### Problem details
With pictures excluded, repeat exactly the lines from the one containing "Sindicatul Studenților din" through the last line of the material below.

### Provided data
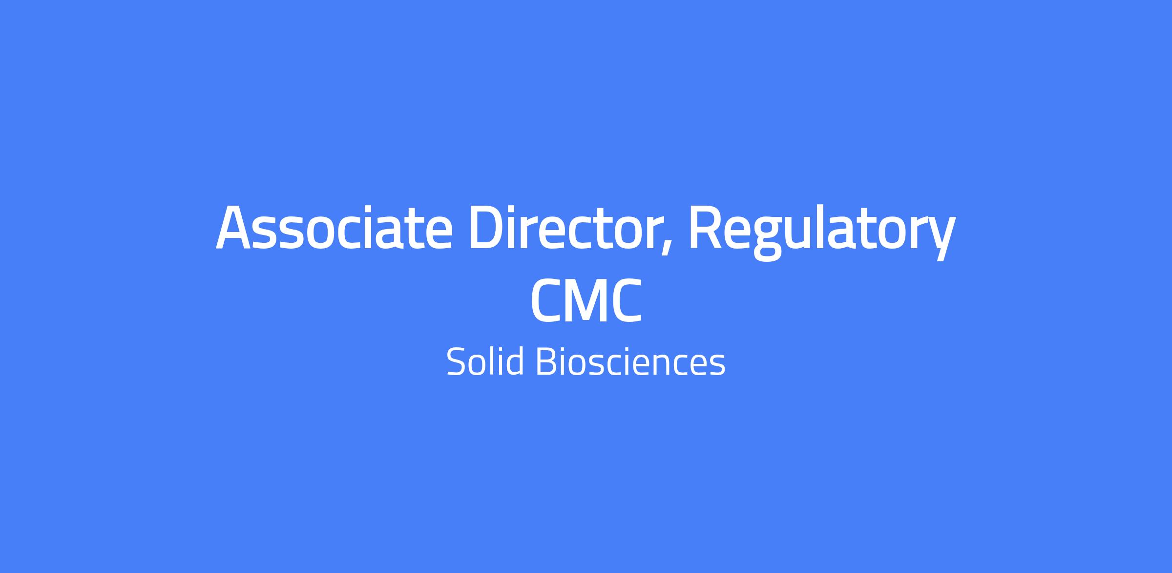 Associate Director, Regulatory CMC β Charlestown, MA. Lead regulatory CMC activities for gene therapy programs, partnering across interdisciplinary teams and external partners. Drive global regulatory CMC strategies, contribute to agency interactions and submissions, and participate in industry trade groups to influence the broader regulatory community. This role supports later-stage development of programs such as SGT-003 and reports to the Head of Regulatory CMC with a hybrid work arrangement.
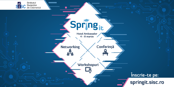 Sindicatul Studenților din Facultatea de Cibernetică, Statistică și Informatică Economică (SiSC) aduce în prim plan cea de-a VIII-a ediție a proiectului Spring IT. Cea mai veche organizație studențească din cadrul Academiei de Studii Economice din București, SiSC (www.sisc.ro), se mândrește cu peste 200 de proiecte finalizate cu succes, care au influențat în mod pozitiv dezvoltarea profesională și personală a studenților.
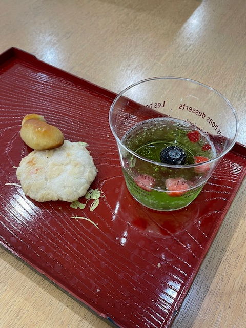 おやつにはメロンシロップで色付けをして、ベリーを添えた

### Written solution
 Sindicatul Studenților din Facultatea de Cibernetică, Statistică și Informatică Economică (SiSC) aduce în prim plan cea de-a VIII-a ediție a proiectului Spring IT. Cea mai veche organizație studențească din cadrul Academiei de Studii Economice din București, SiSC (www.sisc.ro), se mândrește cu peste 200 de proiecte finalizate cu succes, care au influențat în mod pozitiv dezvoltarea profesională și personală a studenților.
 おやつにはメロンシロップで色付けをして、ベリーを添えた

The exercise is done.